Aim of the exercise
Without any pictures, retype exactly the lines that begin at the one holding "中国科学院科技战略咨询研究院" and end at the last line of the data below.

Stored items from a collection

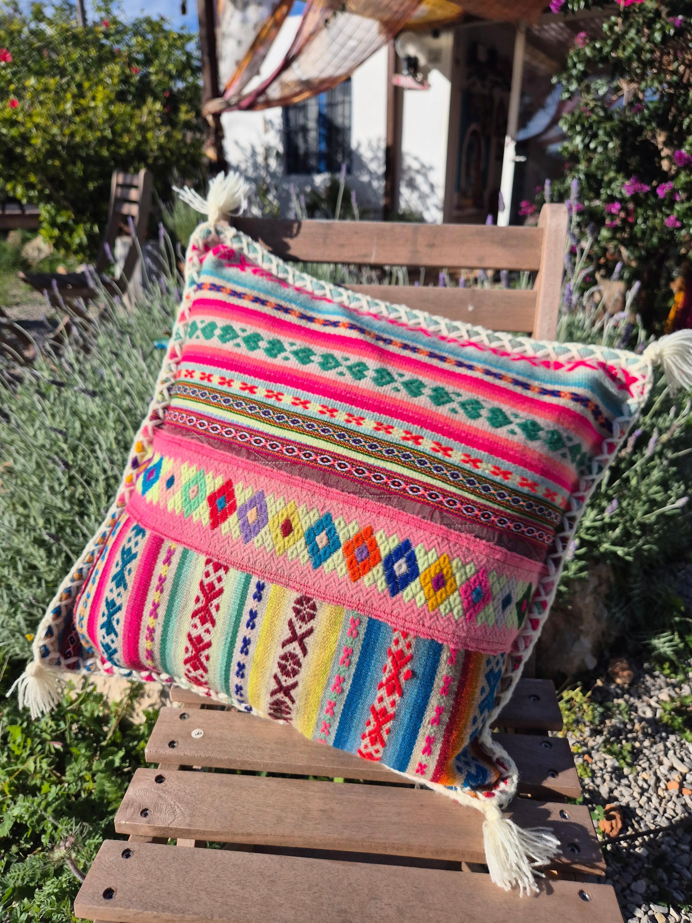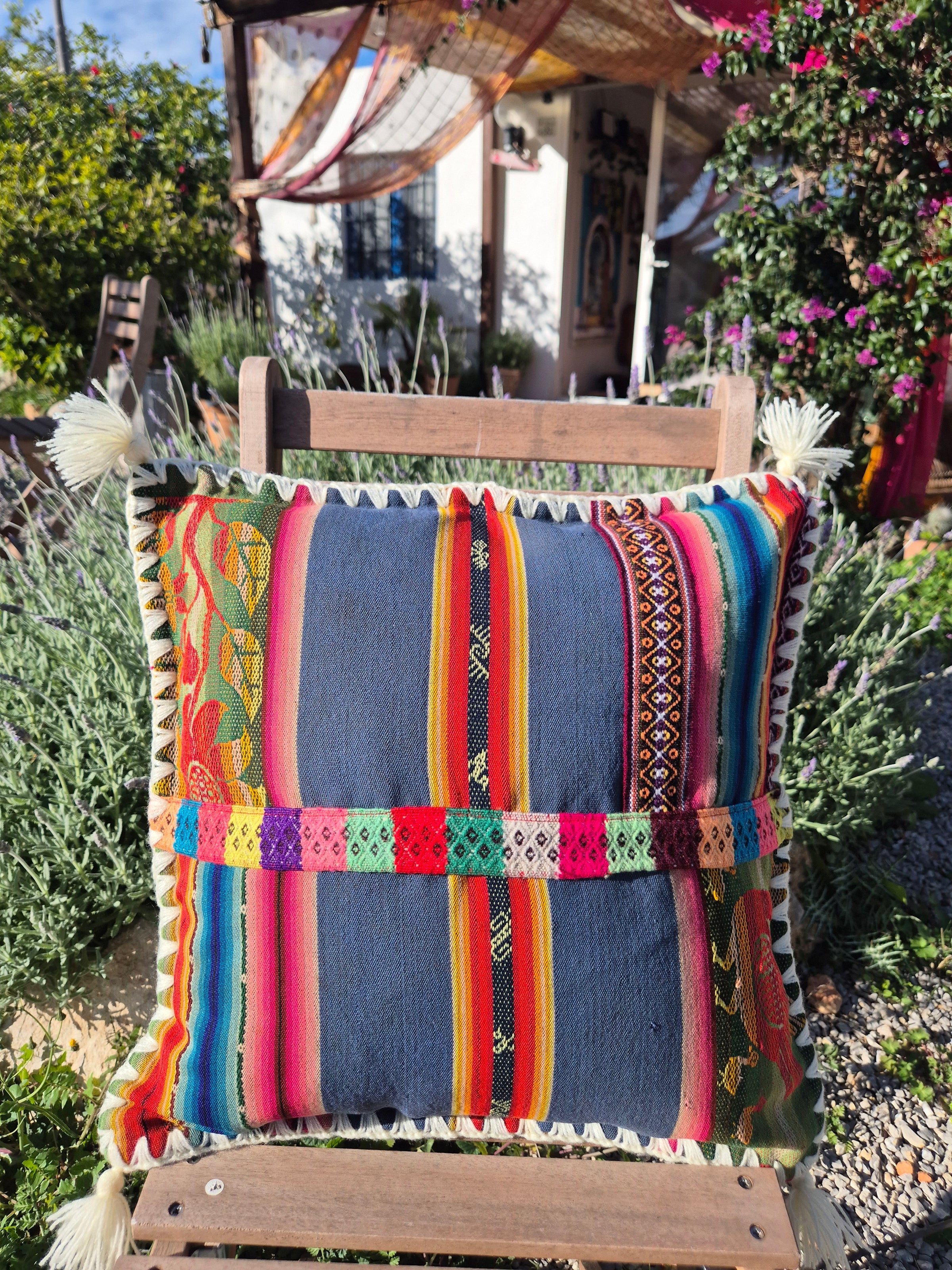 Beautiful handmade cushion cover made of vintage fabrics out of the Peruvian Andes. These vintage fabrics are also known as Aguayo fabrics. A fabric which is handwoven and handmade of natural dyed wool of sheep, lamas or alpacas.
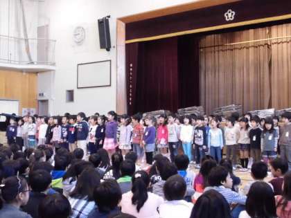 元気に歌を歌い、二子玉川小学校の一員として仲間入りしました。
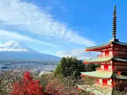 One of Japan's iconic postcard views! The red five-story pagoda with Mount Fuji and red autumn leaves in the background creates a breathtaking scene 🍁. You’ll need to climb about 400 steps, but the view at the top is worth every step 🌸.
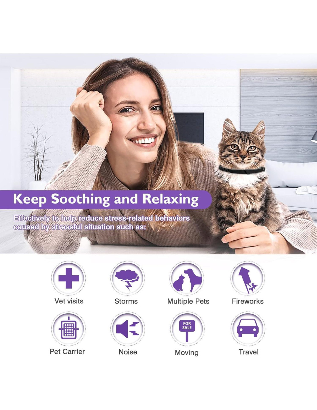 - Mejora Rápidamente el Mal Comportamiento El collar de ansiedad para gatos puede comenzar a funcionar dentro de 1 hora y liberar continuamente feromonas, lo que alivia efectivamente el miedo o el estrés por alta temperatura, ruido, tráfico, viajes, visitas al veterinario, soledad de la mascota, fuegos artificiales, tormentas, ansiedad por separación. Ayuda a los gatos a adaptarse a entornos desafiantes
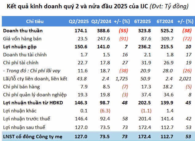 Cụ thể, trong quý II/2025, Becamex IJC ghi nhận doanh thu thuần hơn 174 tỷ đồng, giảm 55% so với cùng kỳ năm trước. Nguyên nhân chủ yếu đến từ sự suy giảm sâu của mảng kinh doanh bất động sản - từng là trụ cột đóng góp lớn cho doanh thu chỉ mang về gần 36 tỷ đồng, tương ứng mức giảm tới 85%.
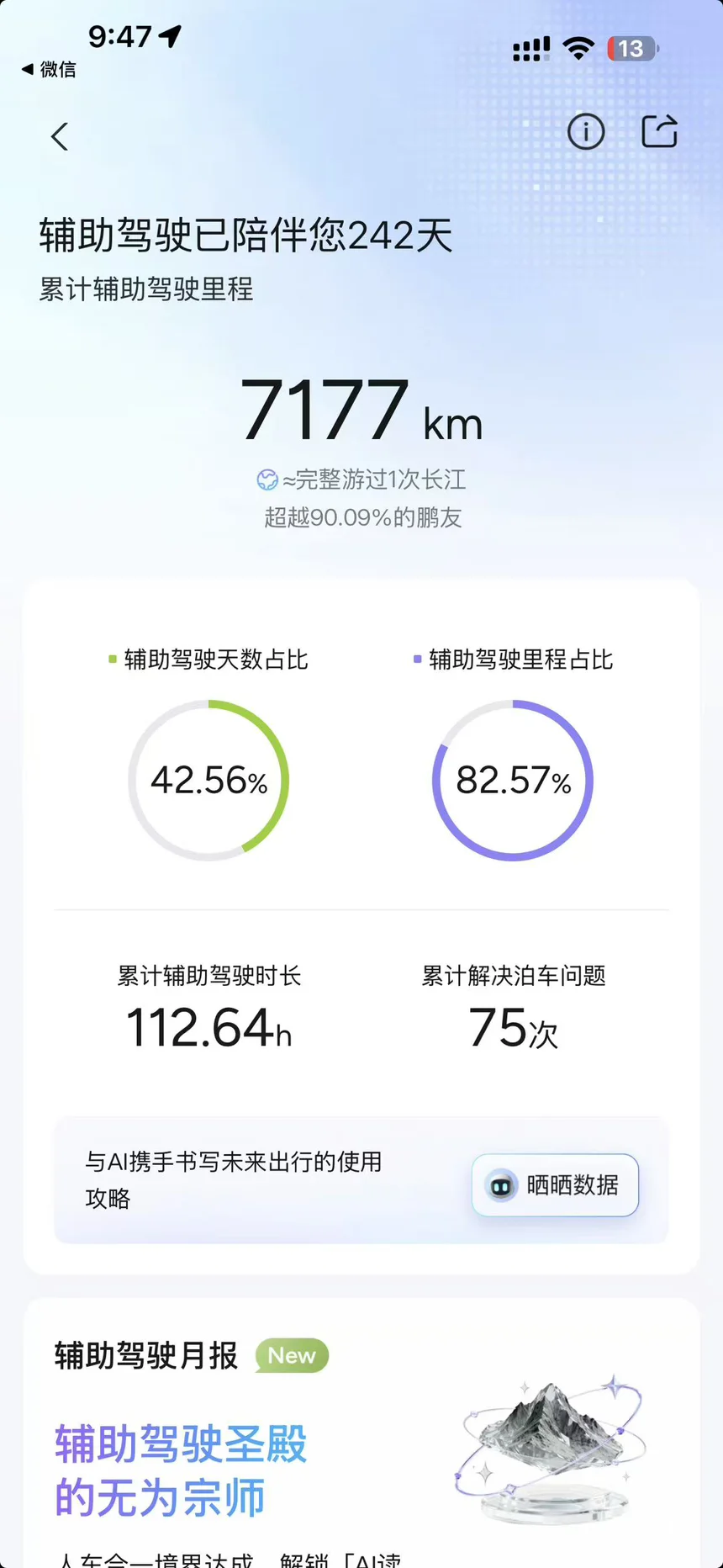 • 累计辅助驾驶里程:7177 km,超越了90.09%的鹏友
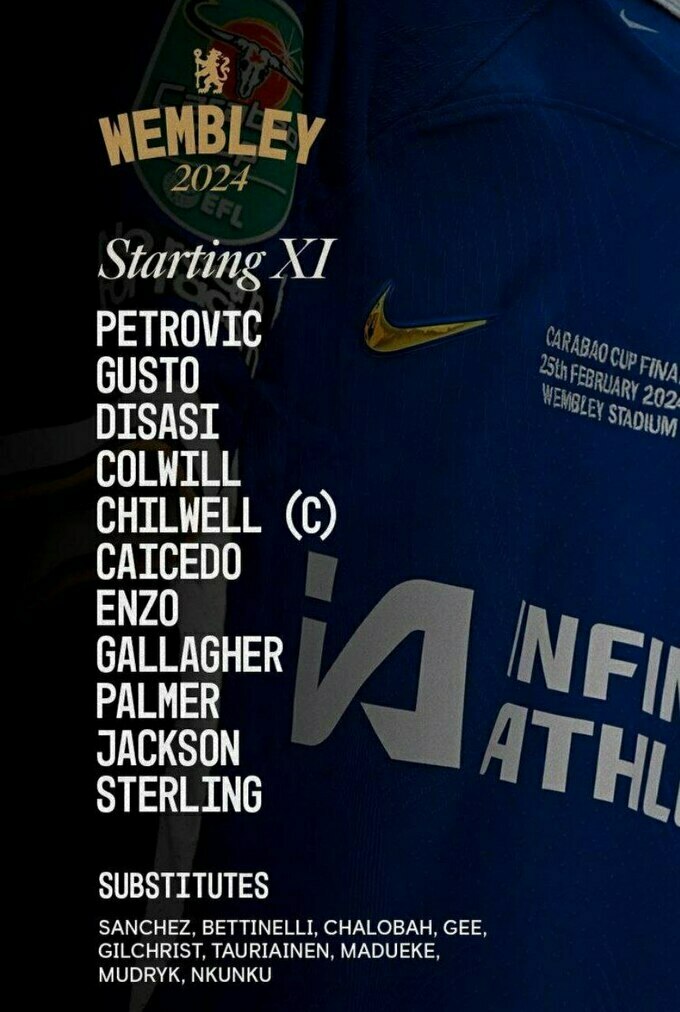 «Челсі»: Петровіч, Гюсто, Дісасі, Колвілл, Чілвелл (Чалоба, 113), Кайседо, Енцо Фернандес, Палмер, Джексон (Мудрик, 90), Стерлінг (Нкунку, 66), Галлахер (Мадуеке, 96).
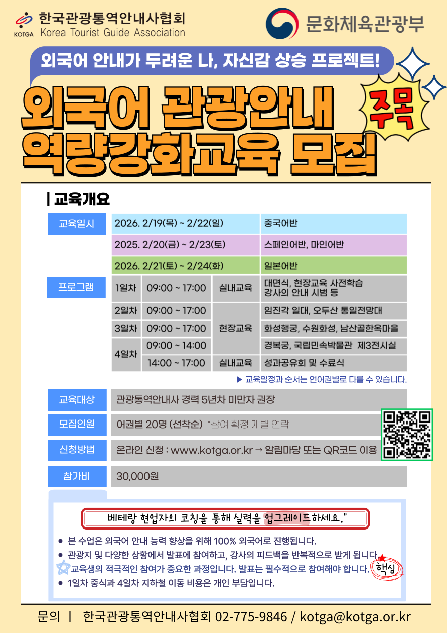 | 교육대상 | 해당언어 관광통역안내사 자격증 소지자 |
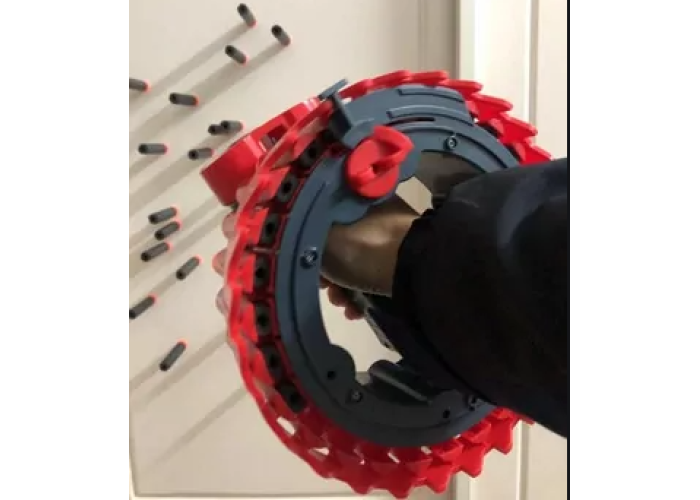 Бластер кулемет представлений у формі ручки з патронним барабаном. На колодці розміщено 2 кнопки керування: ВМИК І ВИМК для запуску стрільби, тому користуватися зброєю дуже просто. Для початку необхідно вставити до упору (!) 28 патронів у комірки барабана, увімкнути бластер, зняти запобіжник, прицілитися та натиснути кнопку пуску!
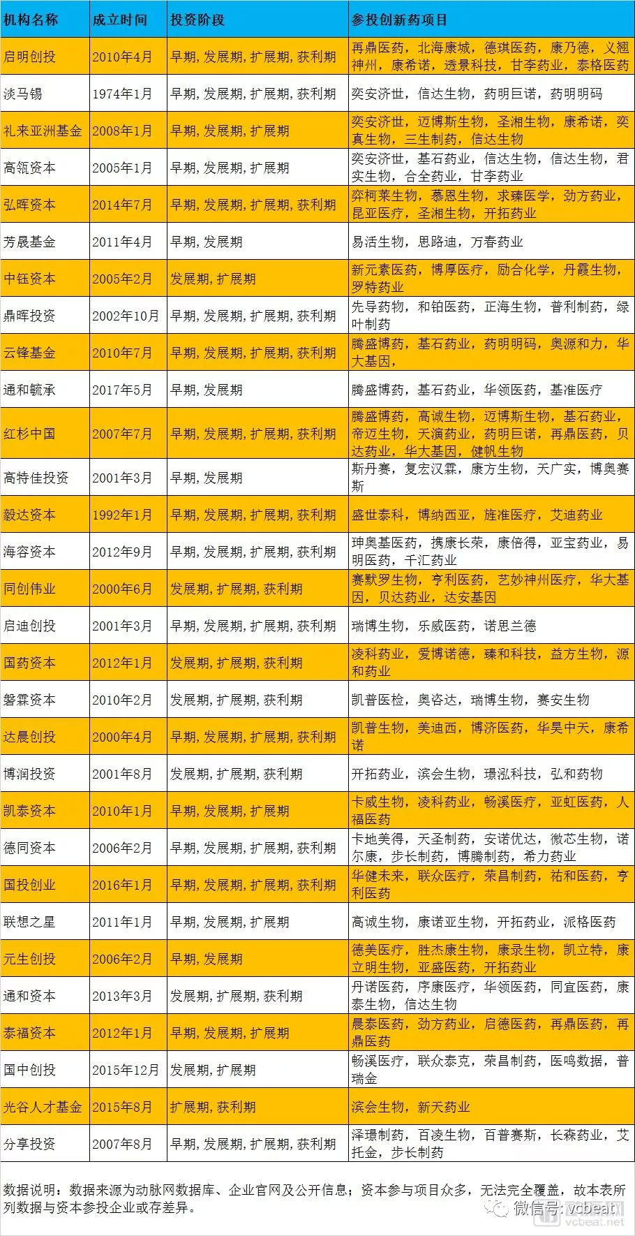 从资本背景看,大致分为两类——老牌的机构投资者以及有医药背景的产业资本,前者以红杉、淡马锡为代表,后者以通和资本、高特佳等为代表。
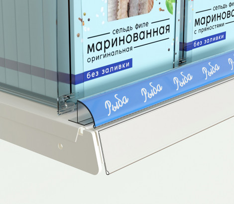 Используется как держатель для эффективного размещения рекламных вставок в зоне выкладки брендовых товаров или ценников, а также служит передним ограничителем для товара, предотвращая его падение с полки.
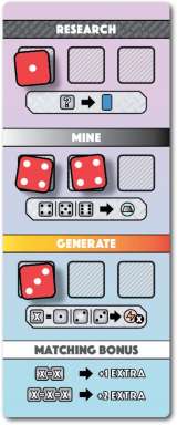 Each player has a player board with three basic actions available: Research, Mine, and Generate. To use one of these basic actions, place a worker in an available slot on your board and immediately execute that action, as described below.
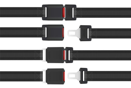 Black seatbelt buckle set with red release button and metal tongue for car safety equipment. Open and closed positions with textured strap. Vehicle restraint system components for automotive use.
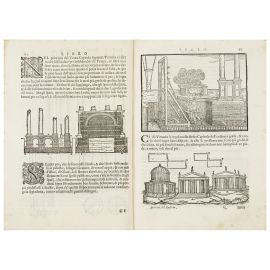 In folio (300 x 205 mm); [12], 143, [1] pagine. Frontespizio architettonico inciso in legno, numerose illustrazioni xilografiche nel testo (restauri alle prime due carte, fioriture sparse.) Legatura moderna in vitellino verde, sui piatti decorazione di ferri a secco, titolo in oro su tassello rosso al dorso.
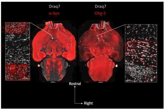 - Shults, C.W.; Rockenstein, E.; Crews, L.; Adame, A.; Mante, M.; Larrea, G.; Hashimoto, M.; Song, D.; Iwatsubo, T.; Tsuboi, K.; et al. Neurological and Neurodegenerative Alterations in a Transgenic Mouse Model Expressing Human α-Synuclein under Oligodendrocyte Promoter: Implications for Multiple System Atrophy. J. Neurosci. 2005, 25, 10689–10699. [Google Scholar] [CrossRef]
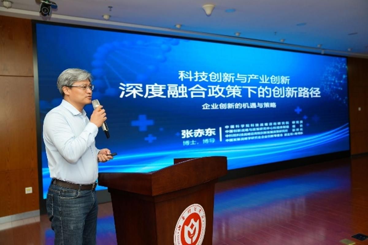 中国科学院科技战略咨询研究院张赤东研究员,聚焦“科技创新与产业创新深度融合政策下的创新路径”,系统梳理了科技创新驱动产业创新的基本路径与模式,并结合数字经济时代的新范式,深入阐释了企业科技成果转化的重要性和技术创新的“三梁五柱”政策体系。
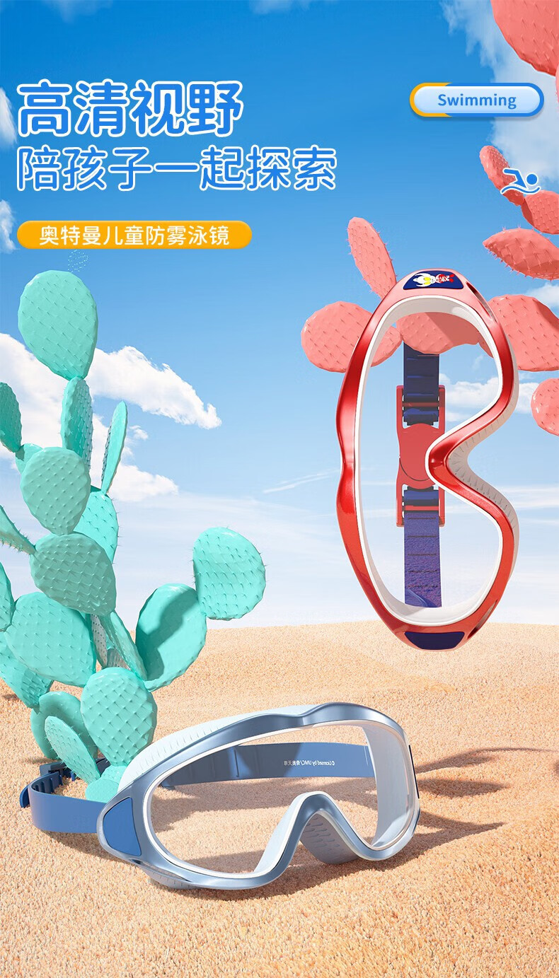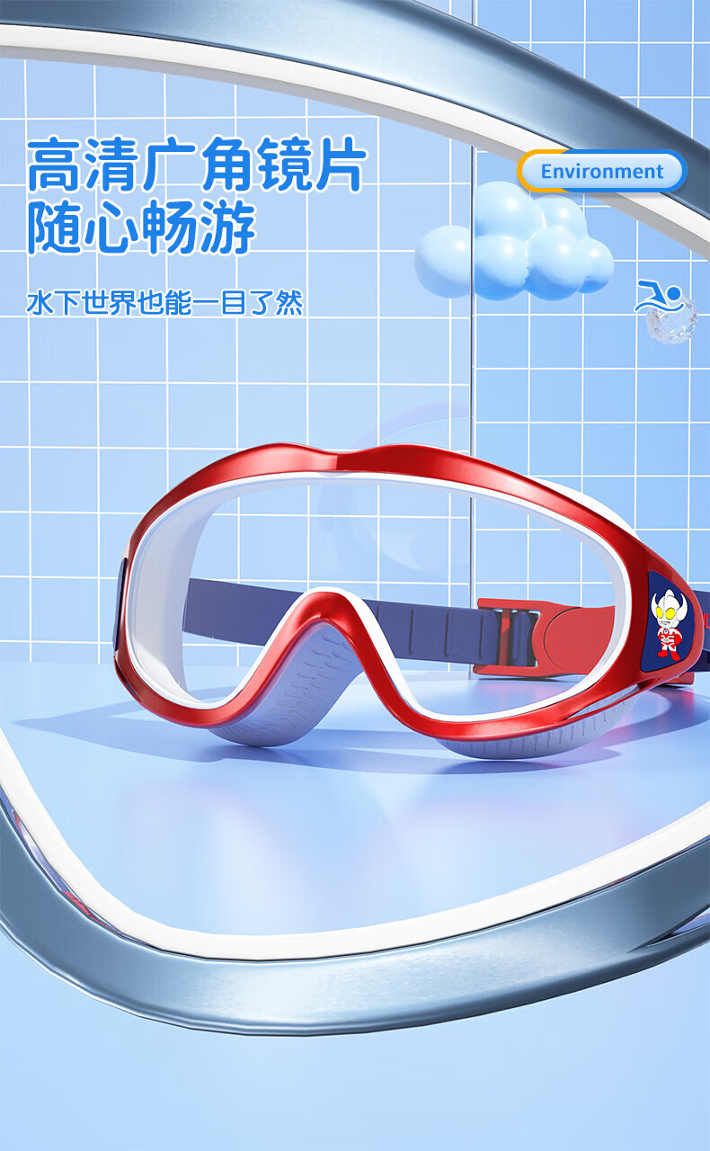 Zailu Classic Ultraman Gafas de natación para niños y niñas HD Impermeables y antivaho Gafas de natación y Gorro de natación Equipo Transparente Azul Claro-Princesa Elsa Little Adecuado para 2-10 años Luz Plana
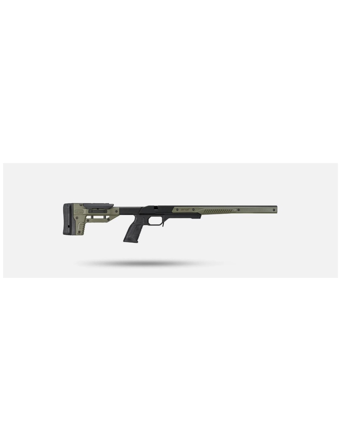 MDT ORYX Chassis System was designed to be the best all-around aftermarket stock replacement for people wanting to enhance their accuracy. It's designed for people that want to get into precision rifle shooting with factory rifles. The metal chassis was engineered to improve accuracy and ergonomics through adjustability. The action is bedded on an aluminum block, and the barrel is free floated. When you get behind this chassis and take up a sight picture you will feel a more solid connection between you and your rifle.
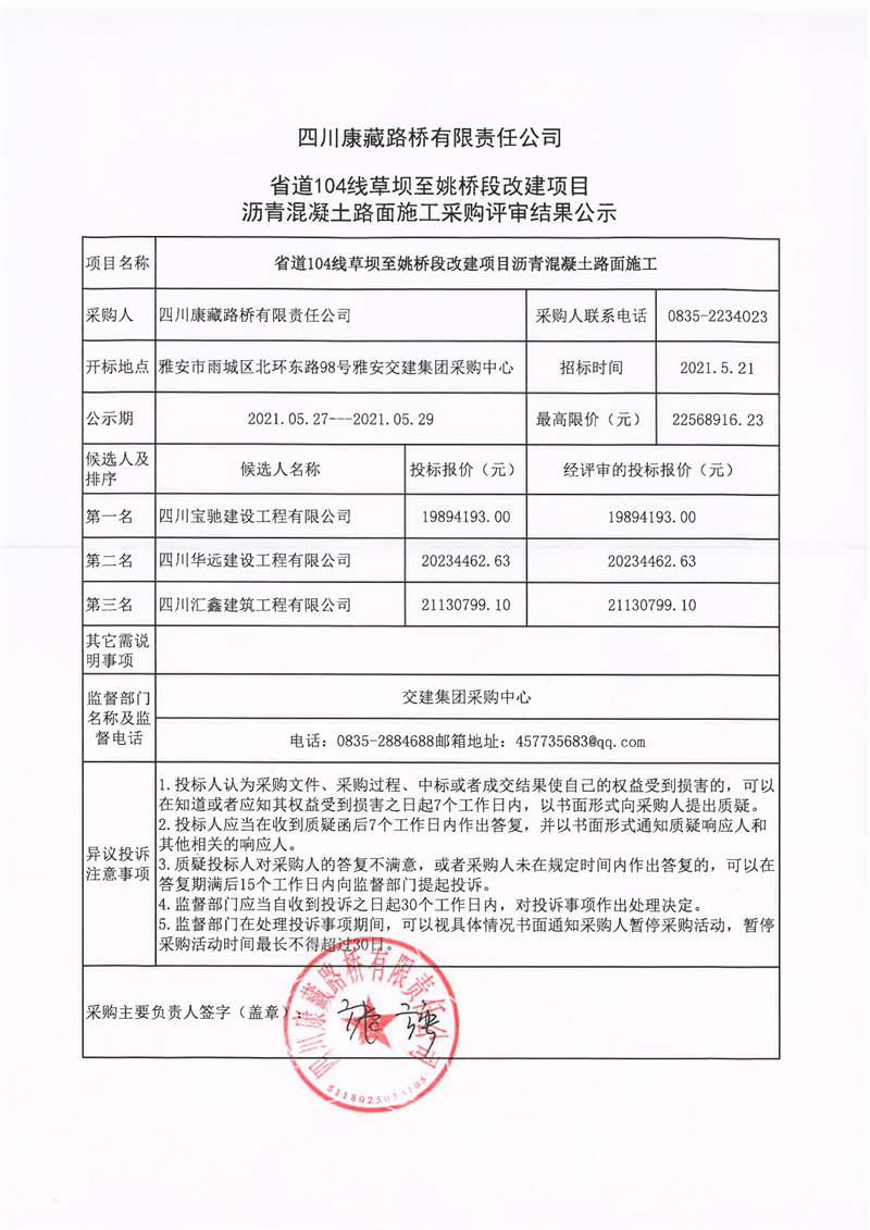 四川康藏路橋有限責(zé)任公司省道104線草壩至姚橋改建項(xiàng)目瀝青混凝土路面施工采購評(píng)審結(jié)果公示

Reply
 中国科学院科技战略咨询研究院张赤东研究员,聚焦“科技创新与产业创新深度融合政策下的创新路径”,系统梳理了科技创新驱动产业创新的基本路径与模式,并结合数字经济时代的新范式,深入阐释了企业科技成果转化的重要性和技术创新的“三梁五柱”政策体系。
 Zailu Classic Ultraman Gafas de natación para niños y niñas HD Impermeables y antivaho Gafas de natación y Gorro de natación Equipo Transparente Azul Claro-Princesa Elsa Little Adecuado para 2-10 años Luz Plana
 MDT ORYX Chassis System was designed to be the best all-around aftermarket stock replacement for people wanting to enhance their accuracy. It's designed for people that want to get into precision rifle shooting with factory rifles. The metal chassis was engineered to improve accuracy and ergonomics through adjustability. The action is bedded on an aluminum block, and the barrel is free floated. When you get behind this chassis and take up a sight picture you will feel a more solid connection between you and your rifle.
 四川康藏路橋有限責(zé)任公司省道104線草壩至姚橋改建項(xiàng)目瀝青混凝土路面施工采購評(píng)審結(jié)果公示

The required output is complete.